By Colin Packham and Bernadette Christina Munthe
SYDNEY/JAKARTA (Reuters) - Indonesia and Australia sought to calm tensions on Thursday after Indonesia's military suspended ties because of "insulting" teaching material found at an Australian base that questioned Jakarta's sovereignty in Papua province.
Papua, where a separatist movement has simmered for decades, is a sensitive issue for Indonesia, which took over the former Dutch colony after a widely criticized U.N.-backed referendum in 1969.
Australian Defense Minister Marise Payne expressed regrets and promised a thorough investigation of the row, which highlighted the sometimes prickly relationship between the neighbors.
Indonesian President Joko Widodo said ties with Australia were "still in a fine condition" and that his defense minister and military chief had been asked to investigate.
"We have agreed, Indonesia, Australia, to respect each other, to value each other and not meddle in each other's domestic affairs," Widodo said.
Military cooperation between the two countries ranges from countertenors programs to border protection.
But the neighbors have had a rocky military relationship in recent years. Australia stopped joint training exercises with Indonesian special forces (Kopassus) after accusations of abuses by the unit in East Timor in 1999, as the territory prepared for independence.
Ties resumed when counter-terrorism cooperation became imperative after the 2002 nightclub bombings on the resort island of Bali that killed 202 people, including 88 Australians.
Australia's defense minister said an investigation into the teaching materials, found at Campbell Barracks in the west Australian city of Perth, would be concluded "imminently".
"We have indicated our regret that this occurred and that offence was taken. I think that's appropriate when a significant counterpart raises their concerns with you," Payne told reporters in Sydney.
Australia would present the findings of the report to Indonesia's government and military, Payne said.
She denied allegations, reportedly made by Indonesia's Armed Forces Chief Gatot Nurmantyo in a lecture last year, that Australia had tried to recruit Indonesian soldiers as agents during training.
Gatot said on Thursday that "unethical" teaching material had been found by an Indonesian officer who had been sent to Australia to teach.
The material "discredited the Indonesian military (TNI), the nation of Indonesia and even the ideology of Indonesia," he said, referring to material concerning East Timor and "Papua needing to be independent", as well as mocking the country's founding principles, known as Pancasila.
"That curriculum had been used for a long time," he said, noting it had now been removed.
Training with Australia had been suspended and other areas of cooperation were being re-evaluated, Nurmantyo said, adding that the suspension did have presidential approval.

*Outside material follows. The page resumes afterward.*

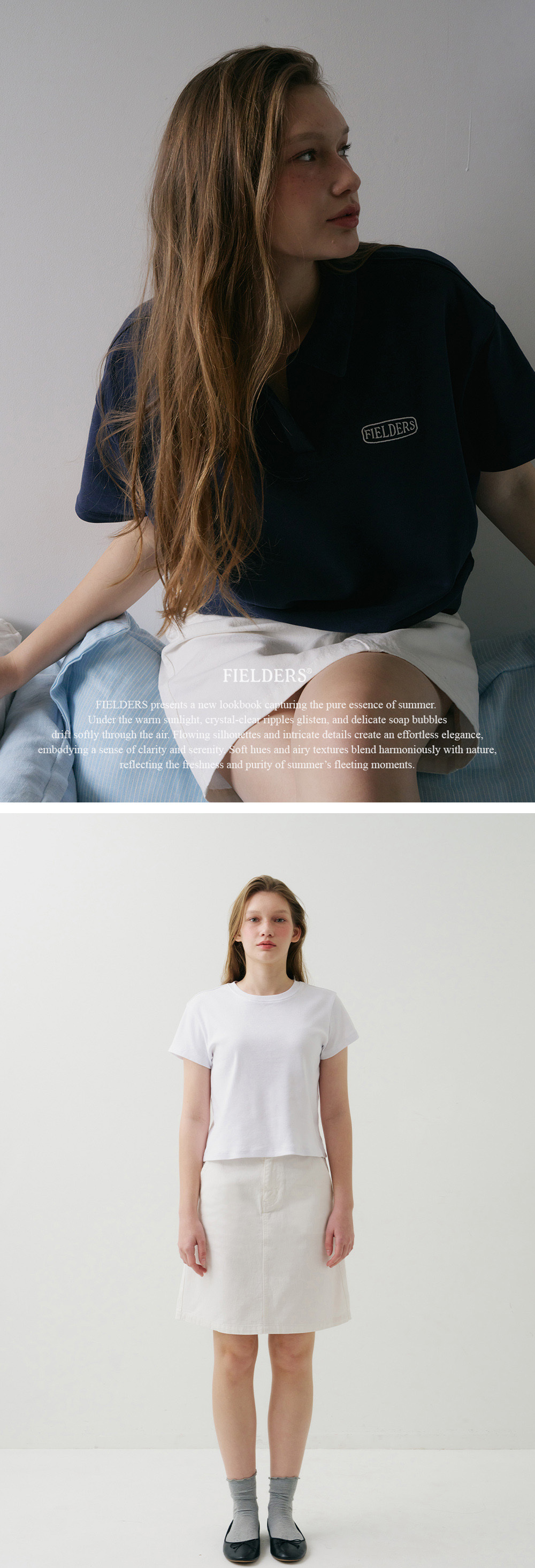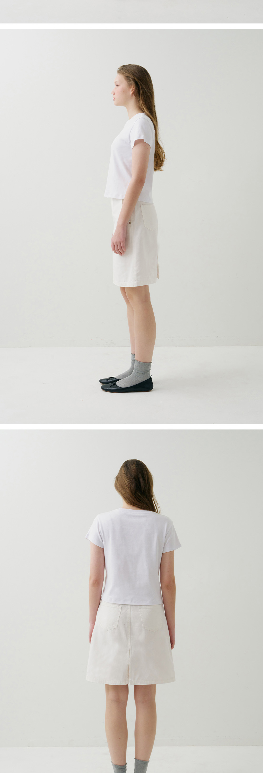 필더스 스톤 워싱 미디엄 스커트 화이트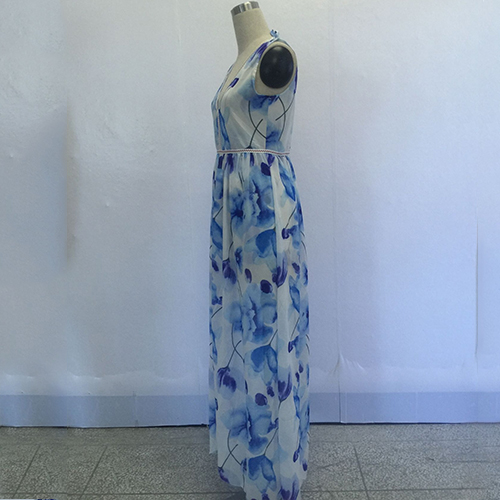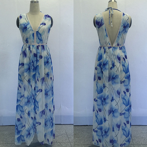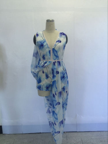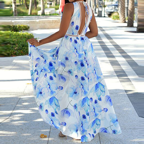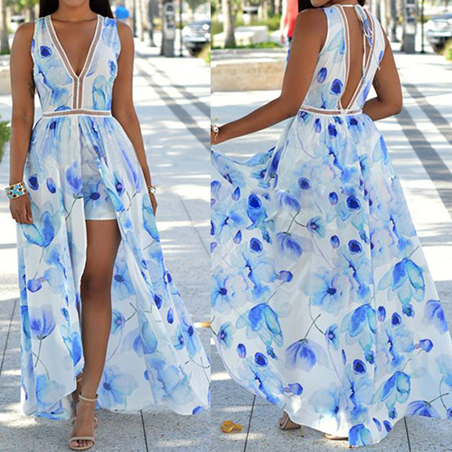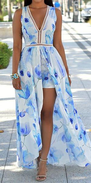 Boasting a vibrant and eye-catching floral print,with sleeveless,a deep v-neckline,

Presidential spokesman Johan Budi said Widodo had ordered the defense minister and military chief to brief him on the situation "so as not to give rise to misunderstandings that can heat things up".
On Wednesday, Budi said the military had not discussed the suspension with the president.
The Australian defense minister said all training documents would now be "culturally appropriate" and that Australia recognised "Indonesia's sovereignty and territorial integrity."
Indonesia most recently suspended military ties in 2013 over revelations that Australian spies had tapped the mobile telephone of then president Susilo Bambang Yudhoyono.
Indonesian and Australian officials said on Thursday that the bilateral relationship had not stalled, unlike in 2013.
Australia needs Indonesia's help to enforce its controversial immigration policy, which includes turning back boats carrying asylum seekers. Payne said Jakarta has given no indication of any change.